Manchin makes stop in Huntington for health care town hall

Members of the community gathered Friday at the Keith-Albee Theatre in Huntington for a town hall with senior U.S. Sen. Joe Manchin, D-W.V. The town hall’s focus was on healthcare, in reaction to the proposed American Healthcare Act by Republicans in Congress, an act aiming to repeal and replace the Affordable Care Act, known widely as “Obamacare,” a legacy from the Obama administration.

“The people of West Virginia have concerns, as many people do,” Manchin told reporters. “The Affordable Care Act is something we care an awful lot about. No one really knew what they got until they started talking about taking away.”

The new healthcare plan would cause 14 million Americans to lose health insurance by next year, 21 million by 2020 and about 24 million Americans will have lost coverage by 2026, according to the Congressional Budget Office.
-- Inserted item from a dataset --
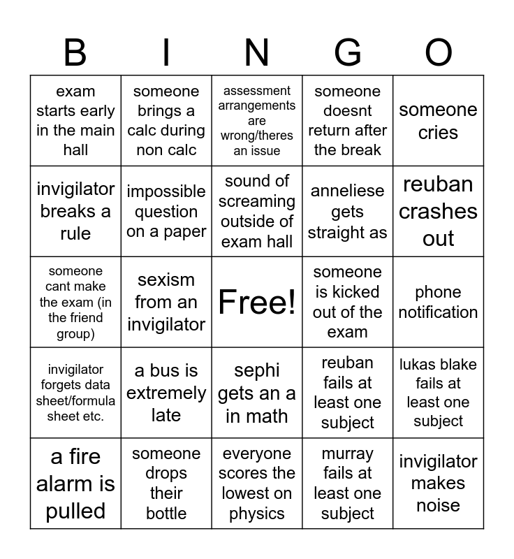 This bingo card has a free space and 29 words: a fire alarm is pulled, lucas bain gets straight As, sexism from an invigilator, sephi gets a nosebleed, exam starts early in the main hall, assessment arrangements are wrong/theres an issue, impossible question on a paper, a bus is extremely late, someone is kicked out of the exam, someone drops their bottle, phone notification, invigilator makes noise, everyone scores the lowest on physics, murray fails at least one subject, reuban crashes out, exam starts late in the main hall, sephi gets an a in math, invigilator forgets data sheet/formula sheet etc., someone cries, someone cant make the exam (in the friend group), reuban fails at least one subject, someone has to leave due to illness, anneliese gets straight as, invigilator breaks a rule, someone doesnt return after the break, someone brings a calc during non calc, lukas blake fails at least one subject, sound of screaming outside of exam hall and stomach noises or farting is scarily loud.

Addiction treatment was a top concern for many in attendance, due to the current opioid epidemic in West Virginia. For one mother, it is a concern that hits too close to home.

Leigh Ann Wilson’s daughter, Taylor Lee Wilson, was the first of 28 overdoses reported in Huntington in a span of five hours on Aug. 15, 2016. That day was the beginning of what Leigh Ann Wilson called a nightmare.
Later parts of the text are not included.